DATA FOR THIS EXERCISE
######

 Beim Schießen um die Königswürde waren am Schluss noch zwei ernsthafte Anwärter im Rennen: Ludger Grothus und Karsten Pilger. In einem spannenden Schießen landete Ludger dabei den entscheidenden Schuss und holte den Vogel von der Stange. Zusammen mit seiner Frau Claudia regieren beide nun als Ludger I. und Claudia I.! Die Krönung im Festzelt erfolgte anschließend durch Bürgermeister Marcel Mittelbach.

######

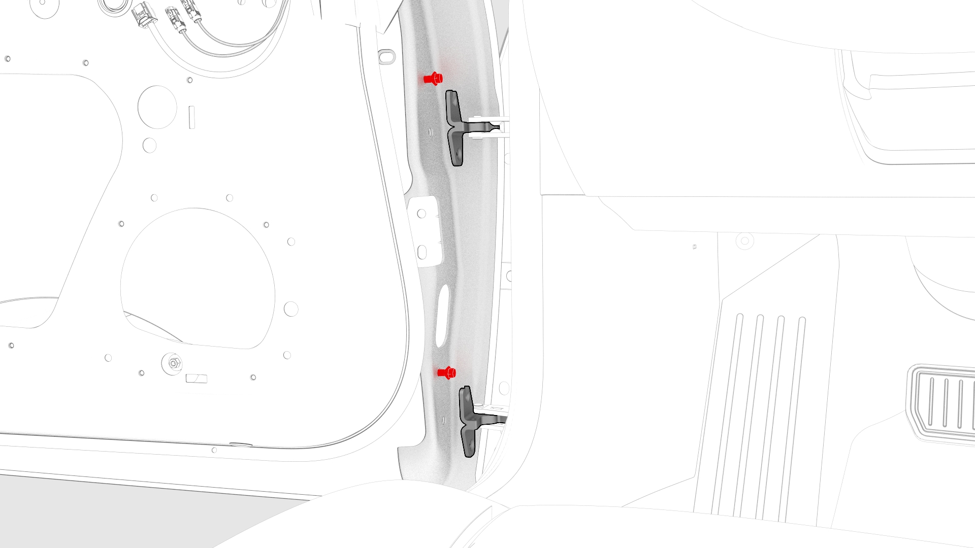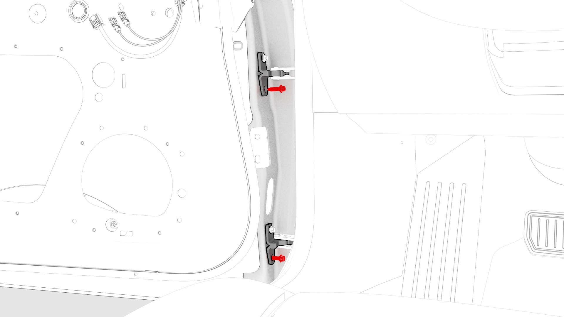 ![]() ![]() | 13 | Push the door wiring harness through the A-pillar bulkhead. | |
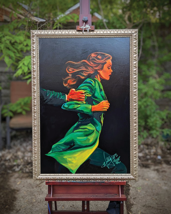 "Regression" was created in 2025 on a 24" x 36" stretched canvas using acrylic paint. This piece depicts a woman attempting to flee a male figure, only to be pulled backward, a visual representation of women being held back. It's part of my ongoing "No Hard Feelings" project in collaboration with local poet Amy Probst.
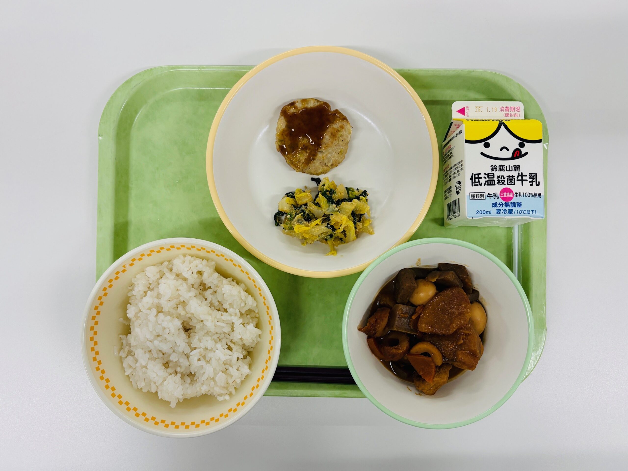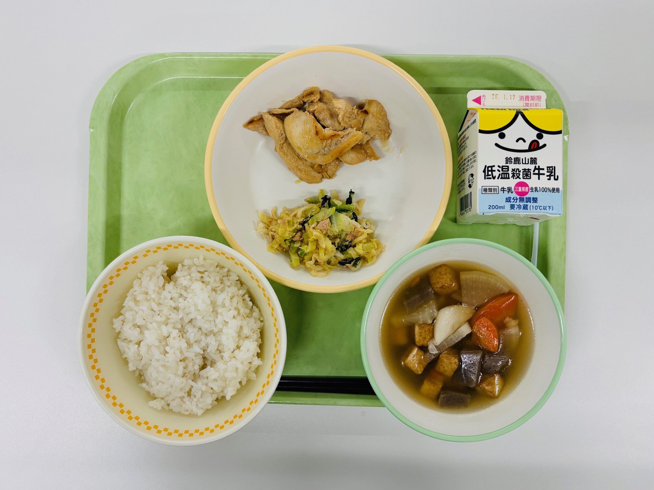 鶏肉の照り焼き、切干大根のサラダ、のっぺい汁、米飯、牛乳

######

EXERCISE OBJECTIVE
Return word for word the lines of the listing above, starting at the line with "poet Amy Probst." and ending at the line with "鶏肉の照り焼き、切干大根のサラダ、のっぺい汁、米飯、牛乳", both included. Pictures do not belong in the copy.

WRITTEN RESPONSE
 "Regression" was created in 2025 on a 24" x 36" stretched canvas using acrylic paint. This piece depicts a woman attempting to flee a male figure, only to be pulled backward, a visual representation of women being held back. It's part of my ongoing "No Hard Feelings" project in collaboration with local poet Amy Probst.
 鶏肉の照り焼き、切干大根のサラダ、のっぺい汁、米飯、牛乳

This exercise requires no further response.